# Rabid Wolf Spider



## NateS

I know most think I'm crazy....but I think this is such a gorgeous spider for being probably the most common spider in Missouri.


----------



## GregR

Most gorgeous until they are crawling around the house.   Not the biggest spider we have seen crawling around, but still big.  (I HAVE to get a good shot of one of the Texas Tarantulas we have down here...)


----------



## NateS

GregR said:


> Most gorgeous until they are crawling around the house.  Not the biggest spider we have seen crawling around, but still big. (I HAVE to get a good shot of one of the Texas Tarantulas we have down here...)


 
Yeah, I agree....not good inside the house.  This guy lived as he was by the woods, but later that day I was cleaning some leaves out by the front door and one came out...didn't scare me, but he kept trying to go behind the siding and I ended up having to squish him.

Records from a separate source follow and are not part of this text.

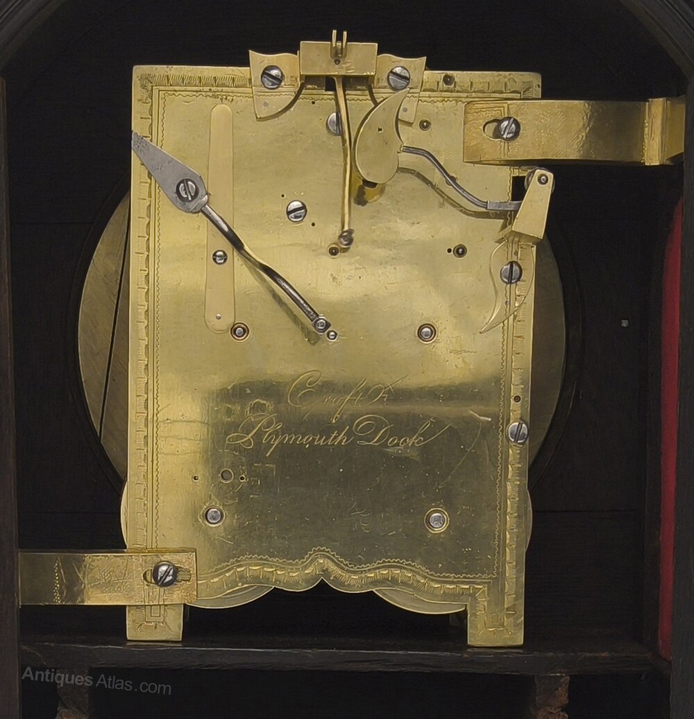 The glazed door secured by lock and key at the back gives access to a 2 train, 8 day fusee movement with verge esacapement striking on a bell. The back plate is border engraved and signed "Croft", "Plymouth Dock".There is a pull repeat cord that strikes the current hours.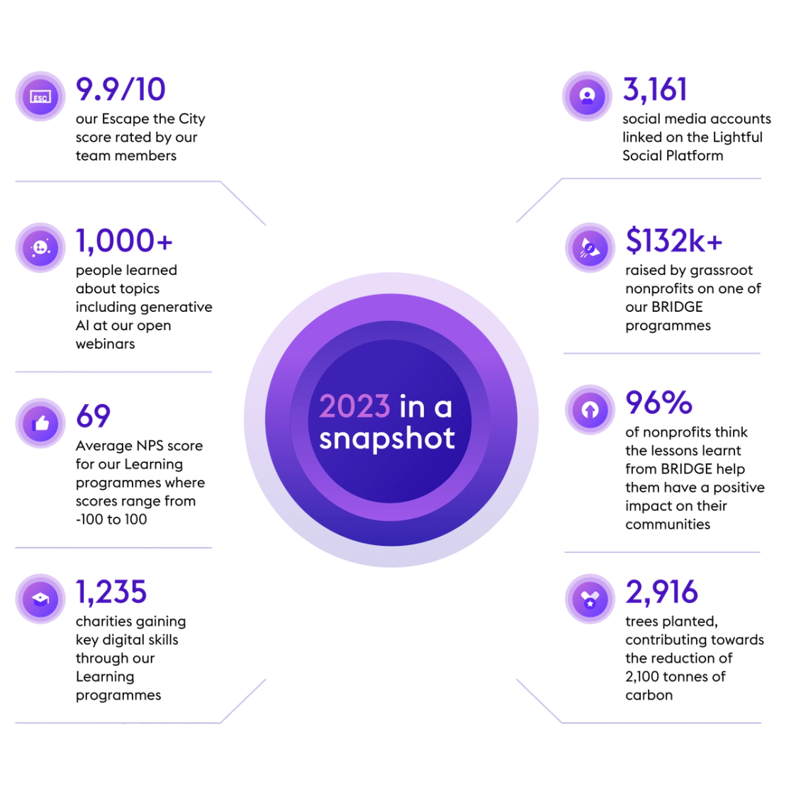 Our message and our mission over the past five years has been consistent: to help nonprofits become better storytellers, build trust, and raise more funds online. For the past five years Lightful has been delivering digital capacity building programmes to over 3,000 organisations. From the largest philanthropic foundations in the world, to the smallest nonprofits, we are working with changemakers of different sizes and cause areas to help build digital resilience within the sector.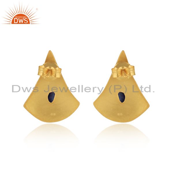 Textured Design Yellow Gold On Silver 925 Lapis Earrings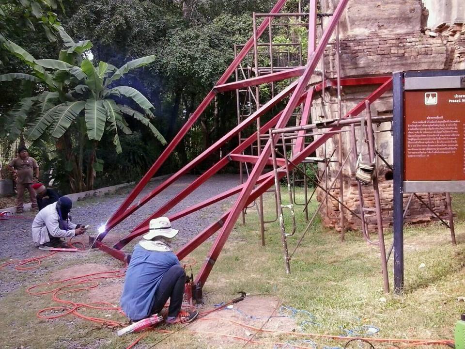 การปฏิบัติงานภาคสนามดำเนินการค้ำยันโบราณสถานปราสาทเมืองที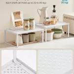 - Heavy-duty capacity: Each shelf holds up to 22 lb of cookware, condiments, or jars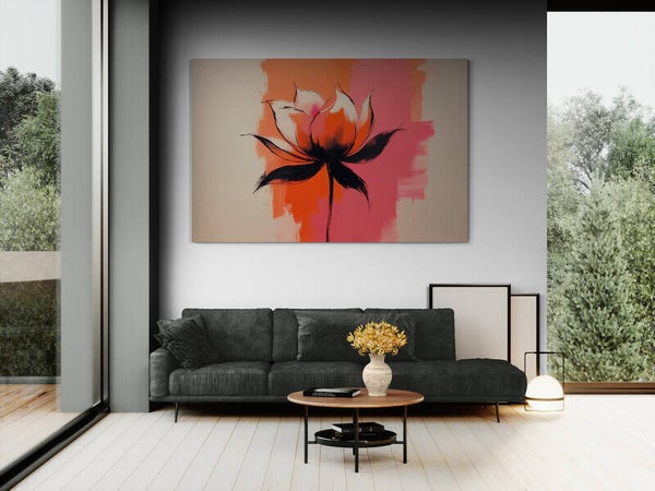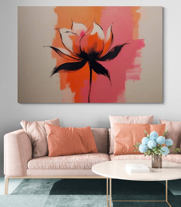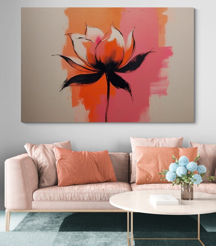 Een expressief schilderij van een lotusbloem in volle bloei, geschilderd in warme roze- en oranjetinten met diepe zwarte accenten. De achtergrond is speels en modern opgebouwd: centraal felle vuurkleuren, naar buiten toe zacht uitgewaaierd in een lichte crème ondergrond. Hierdoor lijkt de bloem te zweven in het licht. Een abstract bloemenschilderij dat kracht en rust combineert – ideaal voor een modern interieur met lef én balans.

The on in these photos was surprisingly large...probably about the 3rd largest I've seen of wolf's.  Biggest one I saw was probably 3" long from leg tip to leg tip....no camera when I saw HIM of course.


----------



## JG_Coleman

I take it that your wolf spider photographs here were taken with your Sigma 70-300 macro?   I was considering investing in one of these Sigma lenses myself.  How've you liked it overall?


----------



## NateS

JG_Coleman said:


> I take it that your wolf spider photographs here were taken with your Sigma 70-300 macro? I was considering investing in one of these Sigma lenses myself. How've you liked it overall?


 
No, it was actually taken with my Tamron 180mm f3.5.  The Sigma only goes 1:2...the tammy goes 1:1.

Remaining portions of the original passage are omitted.